まじめにコツコツと育成をこなしているはずのロザリアよりも、アンジェリークのほうが爆発的に伸びていた。
なんと言っても贈り物の数が違いすぎる。
育成で1つ建物が建つ間に、贈り物で5つも6つも建ってしまうのだ。
差ができるのも当然だろう。
けれどロザリアはそのことを素直に受け入れていた。
「アンジェ、今日はどちらへ行くのかしら?」
いつの間にか、彼女を『アンジェ』と呼ぶようになっている。
自分のような頑なな人間の心でも、優しく溶かしてしまうアンジェリーク。
守護聖たちが彼女を好ましく思い、贈り物をするのは当然だと、ロザリアは認めていたのだ。

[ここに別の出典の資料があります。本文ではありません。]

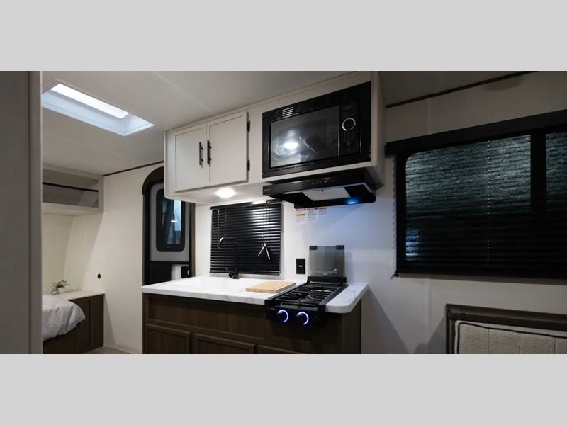 Sleeps 3 Slides 1 Length 20 ft 9 in Ext Width 8 ft Ext Height 10 ft 8 in Hitch Weight 395 lbs Dry Weight 3884 lbs Cargo Capacity 911 lbs Fresh Water Capacity 42 gals Grey Water Capacity 34 gals Black Water Capacity 34 gals Available Beds Camp Queen Bed Refrigerator Type 12V Refrigerator Size 10.6 cu ft Cooktop Burners 2 Number of Awnings 1 Water Heater Type Tankless On Demand AC BTU 13500 btu Awning Info 10' Power Axle Count 1 Shower Type Standard Electrical Service 30 amp Similar Floorplans

「う~ん、オリヴィエ様のところかな?オリヴィエ様ってすごく大人で落ち着くのよね~。」
ロザリアの胸がきゅんと痛んだ。
あれからもロザリアはオリヴィエの執務室に通っている。
アンジェリークを支持している他の守護聖たちは、明らかにロザリアに無関心になったが、オリヴィエは変わらなかった。
ロザリアのことを心から気にかけてくれているように思えるのだ。
そのせいか、つい居心地がよくて、オリヴィエのもとへ行ってしまう。
楽しいおしゃべりの時間は、ロザリアにとって、もう欠かせないひと時になっているのだ。

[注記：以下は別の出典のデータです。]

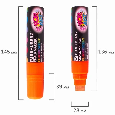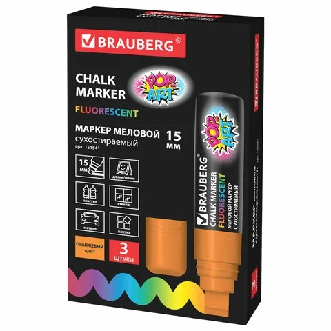 Маркер меловой Brauberg Pop-art оранжевый, 15мм, пулевидный наконечник

それでも、なんとなくアンジェリークのことは聞けずにいた。
もし、二人が想い合っていたとしたら。
大好きな二人が恋人同士なら、喜ばしいことのはずなのに。
こうしてアンジェリークの口からオリヴィエの名前を聞くと、なぜか少しだけ胸が痛い。
「わたくしは・・・ルヴァ様のところへ。」
本当はジュリアスのところへ行かなければならないが、この気持ちで行けばさらに落ち込むとことがわかっている。
アンジェリークびいきのジュリアスは、ロザリアに対して特に厳しいのだ。
ロザリアはなぜ、今、落ち込んだ気持ちになっているのか、わからないまま、アンジェリークと並んで歩いた。

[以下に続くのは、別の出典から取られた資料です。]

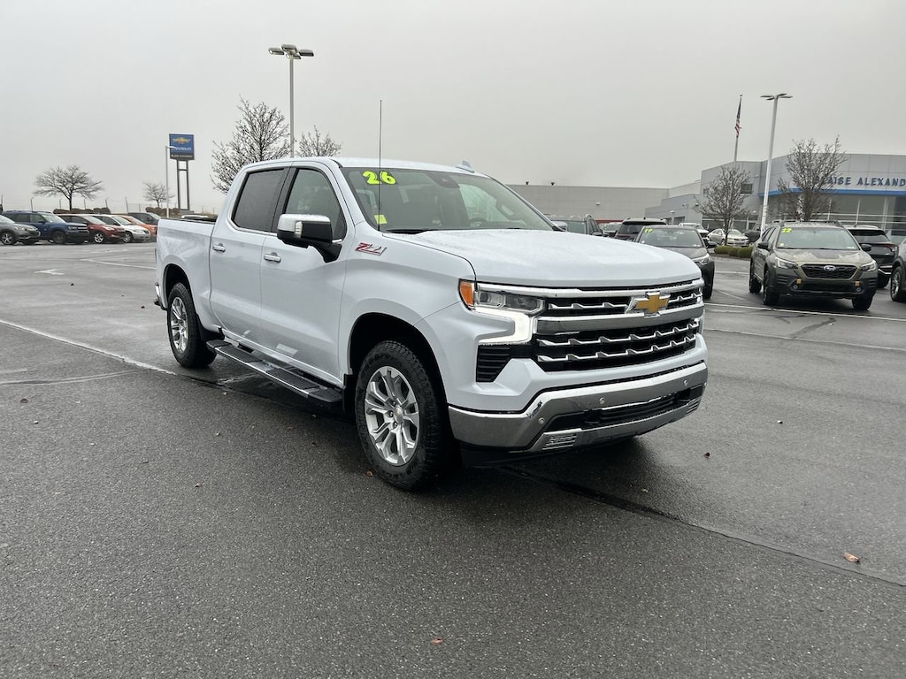 Polar White 2026 Chevrolet Silverado 1500 LTZ 4WD 10-Speed Automatic EcoTec3 5.3L V8 Passed Dealer Inspection, 10-Speed Automatic, 4WD, Black Leather. Price includes: $3250 - Chevrolet GM Financial APR & NCC Consumer Cash Program: $3250 discount and 6.39% APR for 36 months. $30.60 per $1000 financed. Available to well qualified buyers who finance through GM Financial. XGQ, NCC. Exp. 02/02/2026

アンジェリークは楽しそうに昨日のランディとのデートを話している。
犬に追いかけられた話で、ロザリアも一緒に大笑いした。
このところ、ロザリアはほとんどデートをしていない。
少しでも親密度を上げたくて、約束をしようとしたこともあったが、オスカーにすげなく断られてからというもの、誘うこと自体をやめてしまっていた。
誘ってくれるのも、オリヴィエくらいしかいない。
「ルヴァ様かあ~。ロザリアったら、ラブラブなんだから!」
「もう、やめて頂戴。」
さあっと頬が赤らむロザリアをアンジェリークが楽しげに見つめている。
そのあとも、話をしながら、のんびりと歩いて行った。
聖殿につくとアンジェリークが、腕の中の本をロザリアに乗せてくる。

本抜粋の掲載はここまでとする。